{
  "id": "2111.03378",
  "version": "v1",
  "published": "2021-11-05T10:36:48.000Z",
  "updated": "2021-11-05T10:36:48.000Z",
  "title": "Determinantal Ideals and the Canonical Commutation Relations. Classically or Quantized",
  "authors": [
    "Hans Plesner Jakobsen"
  ],
  "comment": "66 pages LaTeX",
  "categories": [
    "math-ph",
    "math.MP",
    "math.QA",
    "math.RT"
  ],
  "abstract": "We construct homomorphic images of $su(n,n)^{\\mathbb C}$ in Weyl Algebras ${\\mathcal H}_{2nr}$. More precisely, and using the Bernstein filtration of ${\\mathcal H}_{2nr}$, $su(n,n)^{\\mathbb C}$ is mapped into degree $2$ elements with the negative non-compact root spaces being mapped into second order creation operators.
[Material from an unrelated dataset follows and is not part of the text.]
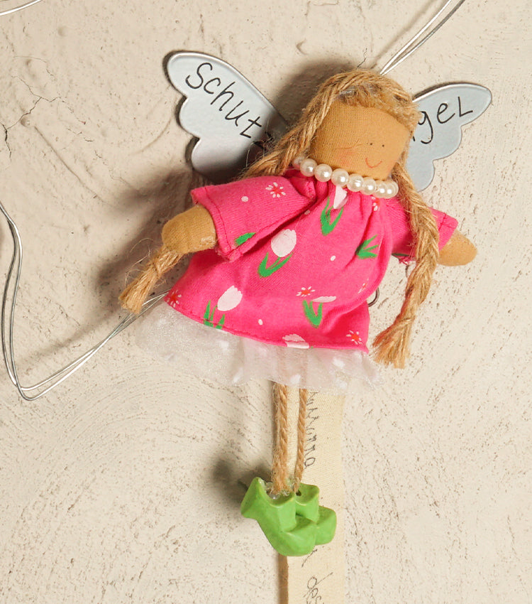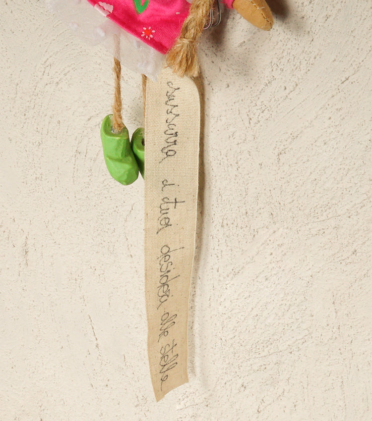 Stellina da appendere realizzata interamente da noi con fil di ferro lavorato, un aforisma scritto su tessuto ed uno "Schutz Engel" di pezza, legno, metallo, corda e plastica di diverse colorazioni. Nella parte superiore è presente il nastro per appenderlo.
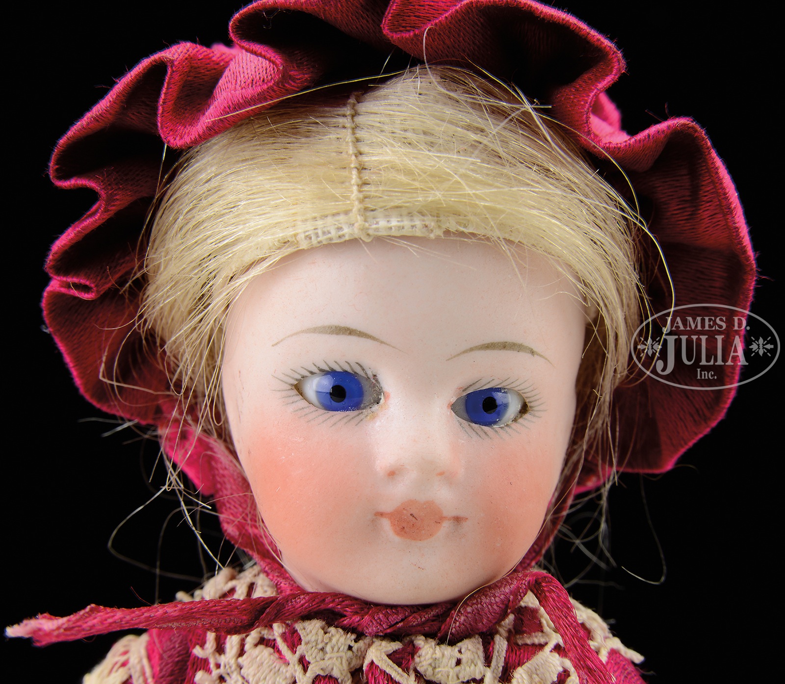 6″ SIMON & HALBIG ALL-BISQUE.A charming young lady with what appears to be in all original condition. Her elaborate dress and underwear along with her blond wig and blue eyes make quite a statement. Nice even bisque with good coloring and 1-stroke eyebrows, she has brown shoes with 2 straps and white stockings. Impossible to check for upper arm and upper leg bisque chips due to original clothing, but the head and neck socket show no issues. A great package and ready to put into your collection. SIZE: 6″ t. CONDITION: Silk dress is all original, however there is some deterioration fraying to the front panel. 48887-3 (800-1,200) – Lot 2176 Auction: Advertising, Toy & Doll - Spring 2015 Please Note: All prices include the hammer price plus the buyer’s premium, which is paid by the buyer as part of the purchase price. The prices noted here after the auction are considered unofficial and do not become official until after the 46th day. |

Using the Fock representation of ${\\mathcal H}_{2nr}$, these homomorphisms give all unitary highest weight representations of $su(n,n)^{\\mathbb C}$ thus reconstructing the Kashiwara--Vergne List for the Segal--Shale--Weil representation. Just as in the derivation of the their list, we construct a representation of $u(r)$ in the Fock space commuting with $su(n,n)^{\\mathbb C}$, and this gives the multiplicities. The construction also gives an easy proof that the ideals of $(r+1)\\times (r+1)$ minors are prime ($r\\leq n-1)$. The quotients of all polynomials by such ideals carry the more singular of the representations. As a consequence, these representations can be realized in spaces of solutions to Maxwell type equations. We actually go one step further and determine exactly which representations from our list are missing some ${\\mathfrak k}^{\\mathbb C}$-types, thereby revealing exactly which covariant differential operators have unitary null spaces. We prove the analogous results for ${\\mathcal U}_q(su(n,n)^{\\mathbb C})$. The Weyl Algebras are replaced by the Hayashi--Weyl Algebras ${\\mathcal H}{\\mathcal W}_{2nr}$ and the Fock space by a $q$-Fock space. Further, determinants are replaced by $q$-determinants, and a commuting representation of ${\\mathcal U}_q(u(r))$ in the $q$-Fock space is constructed. For this purpose a Drinfeld Double is used. We mention one difference: The quantized negative non-compact root spaces, while still of degree 2, are no longer given entirely by second order creation operators.",
  "revisions": [
    {
      "version": "v1",
      "updated": "2021-11-05T10:36:48.000Z"
    }
  ],
  "analyses": {
    "subjects": [
      "17B37",
      "20G42",
      "20G45",
      "81Q12",
      "14M12",
      "16T10",
      "81R50",
      "81Q05",
      "81Q10"
    ],
    "keywords": [
      "canonical commutation relations",
      "negative non-compact root spaces",
      "determinantal ideals",
      "second order creation operators",
      "fock space"
    ],
    "note": {
      "typesetting": "LaTeX",
      "pages": 66,
      "language": "en",
      "license": "arXiv",
      "status": "editable"
    }
  }
}